Hackensack Meridian Keeps Daycare Open After Complaint

Hackensack Meridian Health told employees in July that it planned to close its child care center by the end of the year, citing financial difficulties and staffing issues.

This week, the Edison, New Jersey-based nonprofit health care system said it would change its policy and keep its facilities open after protests from employees and union leaders.

“After receiving thoughtful input from our team members and community, Hackensack Meridian Health is committed to finding solutions that maintain onsite child care. We continue to evaluate all options with this in mind, and as we explore the possibilities, we anticipate that all viable solutions may include adjustments to our current operations.” Hackensack Meridian spokesperson Mary Jo Leighton said in a statement.

Debbie White, president of Health Professionals and Allied Employs, a union organization in New Jersey, said the health system shouldn’t make it difficult for employees to get to work amid the staffing crisis. She hopes it will be the final decision for Hackensack her Meridian. Unions represent workers from multiple hospitals in the system.

Investing in child care centers is a huge financial responsibility for health systems, and many are unwilling or unable to do so. They generally do not get any financial benefit from running the center. The system addresses staff recruitment and retention issues, and the Center can help with both.

Some health systems have opened day care centers to accommodate family and scheduling conflicts during the COVID-19 pandemic. As of early 2021, about 30% of registered nurses had access to at least partial reimbursement benefits to cover childcare costs, according to a report from the U.S. Bureau of Labor Statistics.

Other systems have been in service for years.

Roper St. Francis Healthcare in Charleston, South Carolina opened its learning center 35 years ago. Roper St. Francis spokesman Andy Lyons said the center was at capacity with his 110 children, with a longer waiting list than before the pandemic.

About three-quarters of the children in our learning centers have a parent who provides direct care to the patient. A recent internal survey found that 91% of her parents who use the center’s services keep working because of it. As COVID-19 surges, children are spending more time in institutions.

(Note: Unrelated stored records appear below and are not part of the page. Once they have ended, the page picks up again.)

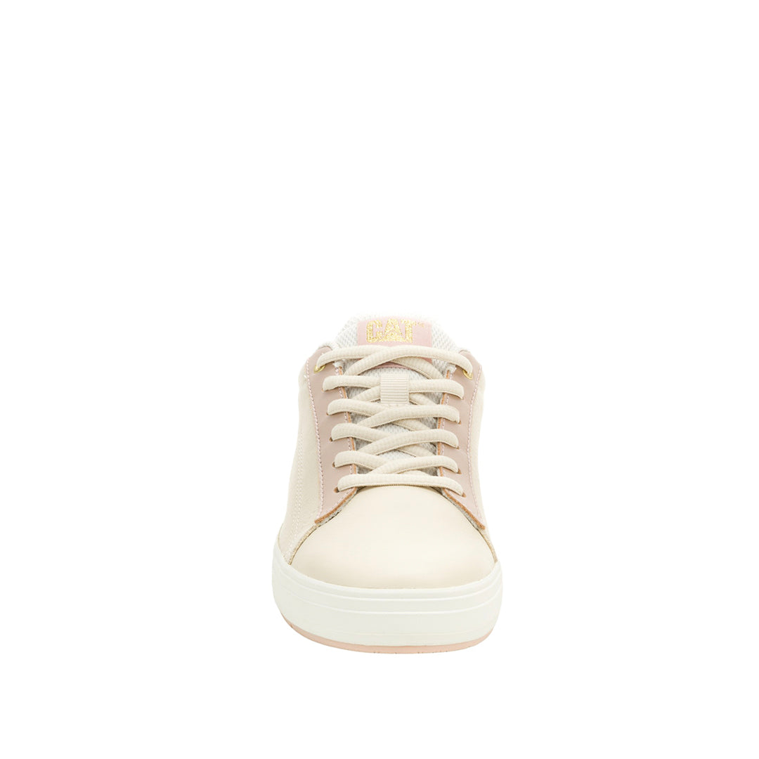Calzado con capellada de cuero metalizada y microfibra, ajuste con cordones, forro y forro interior 100% textil reciclado postindustrial, y plantilla de espuma de poliuretano moldeada para mayor comodidad; incorpora suela 100% de goma para una pisada firme y duradera.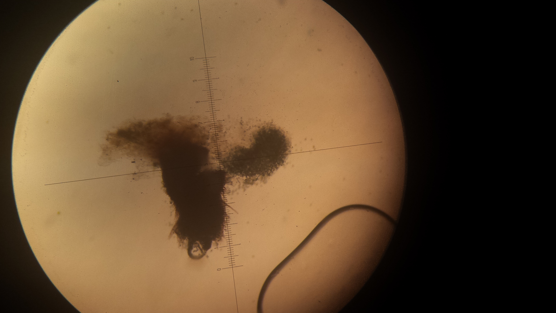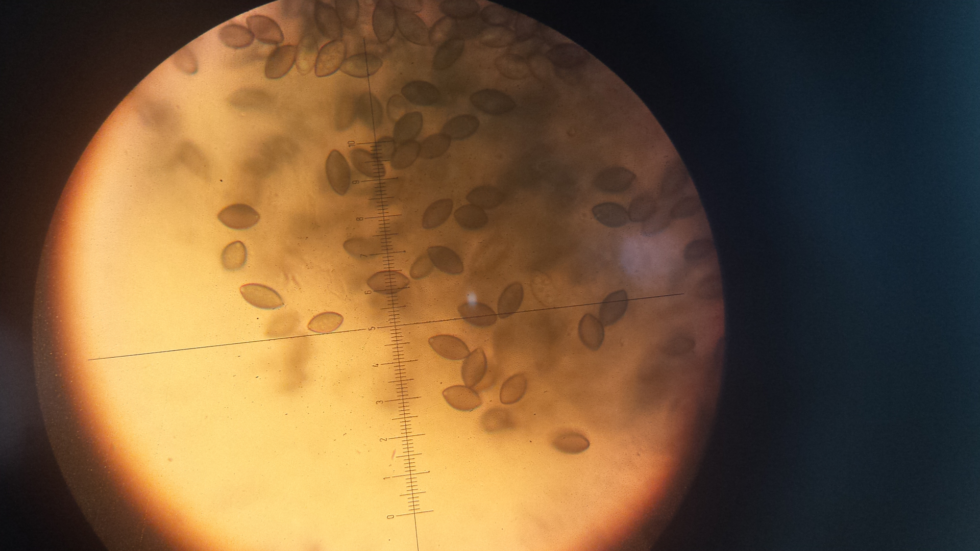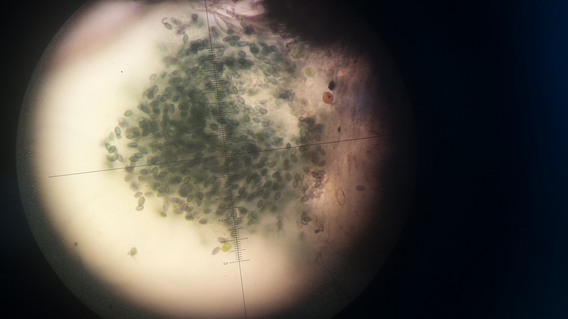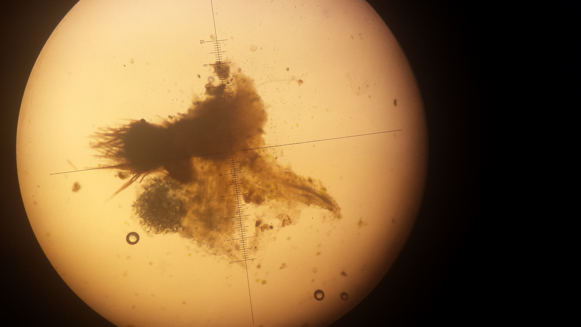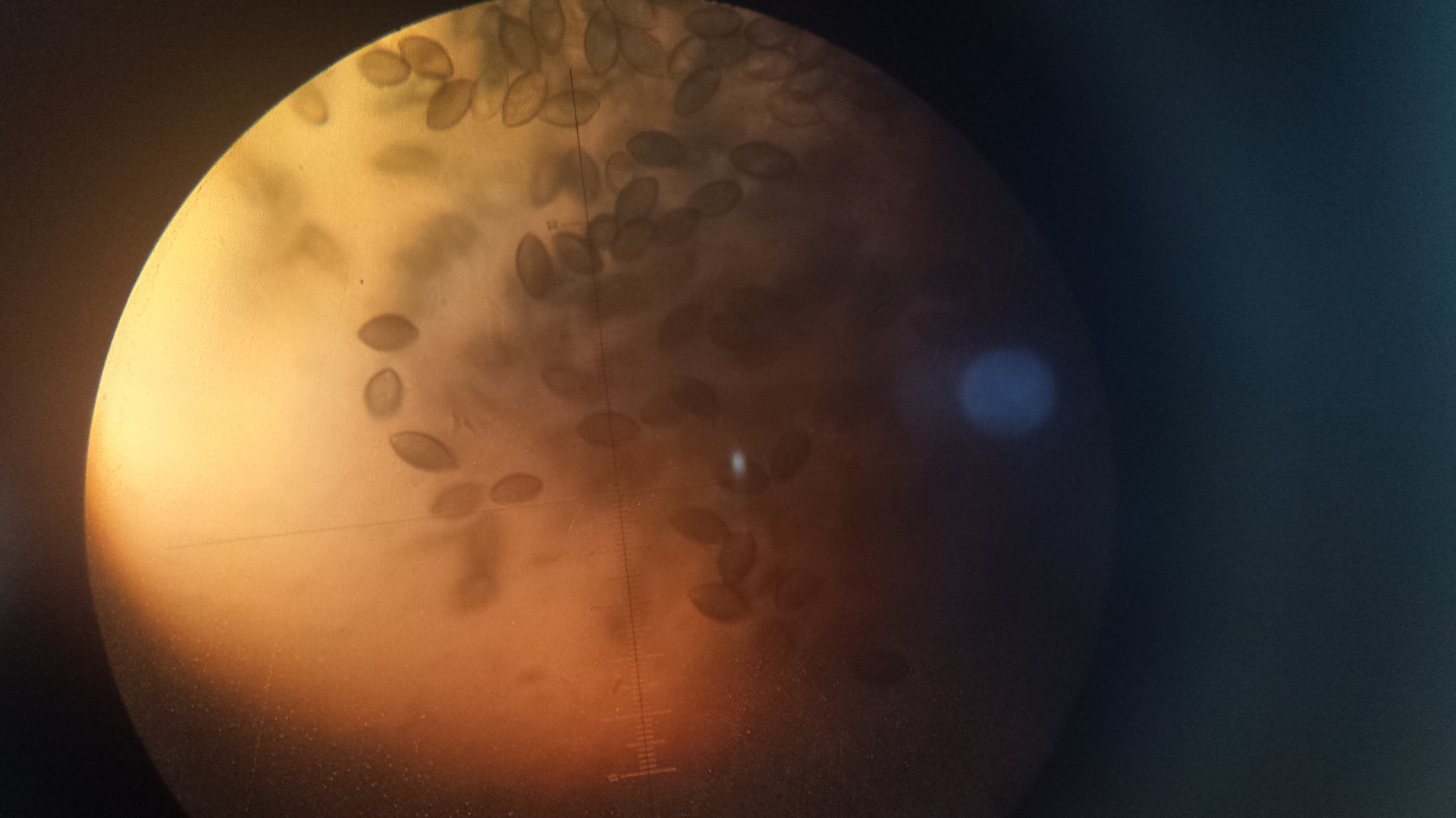 auf einer Probe Rinderdung kommen diese Dinger - leuchtend gelb, tropfenartig, ohne eigenen stiel, eher an Fasern aus dem Substratwachsend. Unter dem Mikroskop eine Masse an Konidien, ca 4-5 µm, fast rund. Die größeren Objekte könnten auch Nematodeneier sein, das Präparat wimmelte. Hat jemand eine Idee?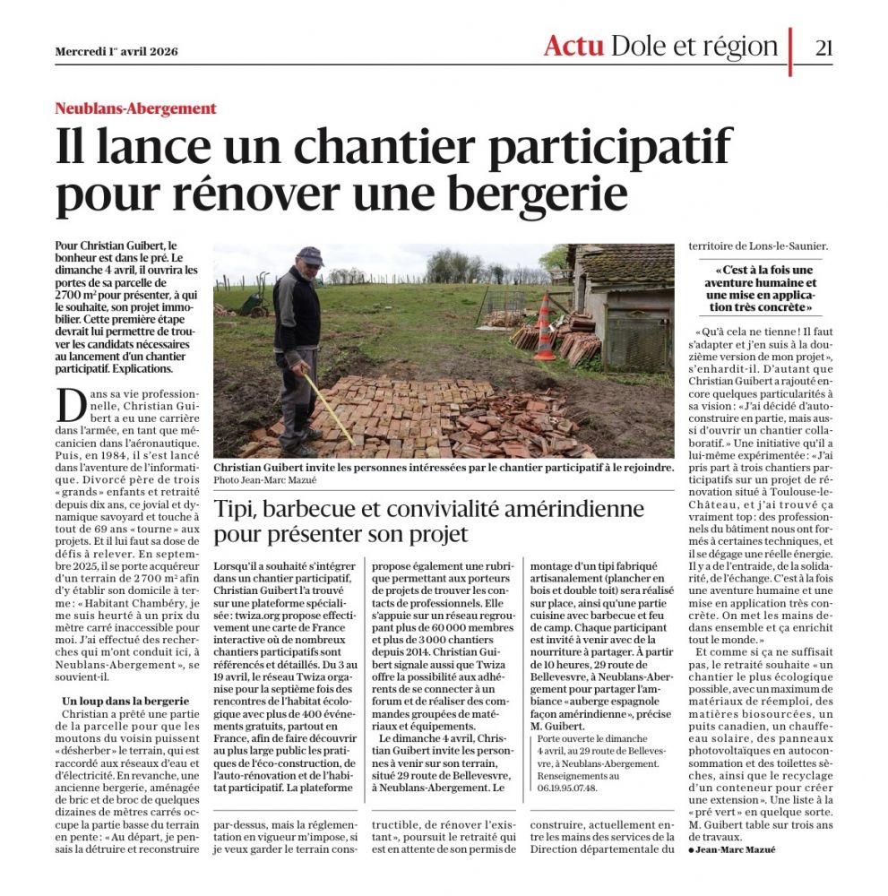 Un article est paru dans le journal Jurassien "Le Progrès" concernant la rénovation de la bergerie. Il date du 1er Avril mais ce n'est pas une blague ;-)

Ballad Health, based in Johnson City, Tennessee, will invest $37 million to build 11 childcare centers over the next few years. The center sees it as a means to compete in a tight labor market. According to Tony Keck, Ballad’s chief innovation officer, the expansion will increase Ballad’s available childcare slots to 2,000, half of which will be for employees and the rest will include high-risk families. It’s for the larger community.

Keck said the health system’s board of directors supported the plan because, despite the cost, it would have to compete to attract non-contract workers and it was tied to Ballad’s educational outreach efforts. .

“We cannot compete with some cities that can keep raising wages, so we understand that we have to compete differently and this is what really differentiates us. I believe it is one thing that can be done, said Keck.